Duster: You put things in the right perspective. Hillary has the right money coming from corporate donors. People are donating $2,000 each, and having big fundraisers. That’s where most of her money is coming from. And Barack is able to get people to donate $25, $100, a lot of his money is coming from this huge base, and in the long run, if he keeps that up, he’ll win going away. Because her base, in some ways, has already been tapped. There’s more money there, but there’s more people to be tapped. And at a certain point, if it looks like Barack has an ascendancy, then that big money is going to shift. Big money has allegiances as long as a breath if they see things changing. So I think Barack really has an advantage at the moment, but we’ll see. The thing about YouTube and every breath you take, every move you make, they’re watching you. ... I’m actually concerned that since all of us are human, any blip on the screen that happens in the next six months can take somebody down. Remember George Allen and “macaca.” And think that everybody has a camera on Obama looking for something.

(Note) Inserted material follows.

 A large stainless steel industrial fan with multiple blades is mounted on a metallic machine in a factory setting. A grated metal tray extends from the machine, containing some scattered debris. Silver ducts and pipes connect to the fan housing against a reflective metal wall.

Scheer: George Allen, also, he kind of ruined his own self, though, because he kept on lying. Because he said, “I don’t know what that word meant,” but then you’re raised by an Algerian, and you speak Algerian, you speak this, you know exactly what you were saying. ... James and I were talking about Obama, and I’m not as sold on him as, say, James is. But I certainly don’t want Hillary Clinton because I do think she’s tied into the corporate donors. I was just saying that all the candidates in the field; we don’t know where Obama is coming from. He’s a special guy; when he speaks you are engaged, but he’s not been there long enough to see if those relationships have formed. Is he going to be backed by credit card people in the next election? We don’t know yet.

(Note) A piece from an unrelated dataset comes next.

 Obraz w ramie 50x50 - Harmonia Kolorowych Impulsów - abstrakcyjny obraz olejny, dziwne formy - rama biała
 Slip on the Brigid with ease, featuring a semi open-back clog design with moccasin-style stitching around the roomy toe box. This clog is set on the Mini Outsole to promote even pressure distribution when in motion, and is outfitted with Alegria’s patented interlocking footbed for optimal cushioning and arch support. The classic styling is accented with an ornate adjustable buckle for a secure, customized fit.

Duster: Well, probably, anyone who gets selected is going to be backed by power—that’s what people do.
Scheer: It’s sad, but—.
Harris: We’ve seen a very wicked last 25 years, and I think the bright spot in those 25 years was Bill Clinton. Let people tell it, let the Green Party tell it, he was a lot like Reagan, or he was a lot like Bush. But I think the question Obama raises is he’s not saying the things that other people are saying, he’s a lot like those other guys. But I certainly get a lot more excited when he’s talking than when they’re talking. And maybe that’s what this comes down to, because what we’re talking about. You look at the issues, Oakland, Katrina, profiling, drugs, you look at the issues and these have all been run-of-the-mill issues. Maybe we need somebody who can get us excited, maybe the president’s job in the future shouldn’t be to tell us what to do but to get us excited and invigorated, i.e. or à la Harold Washington in Chicago.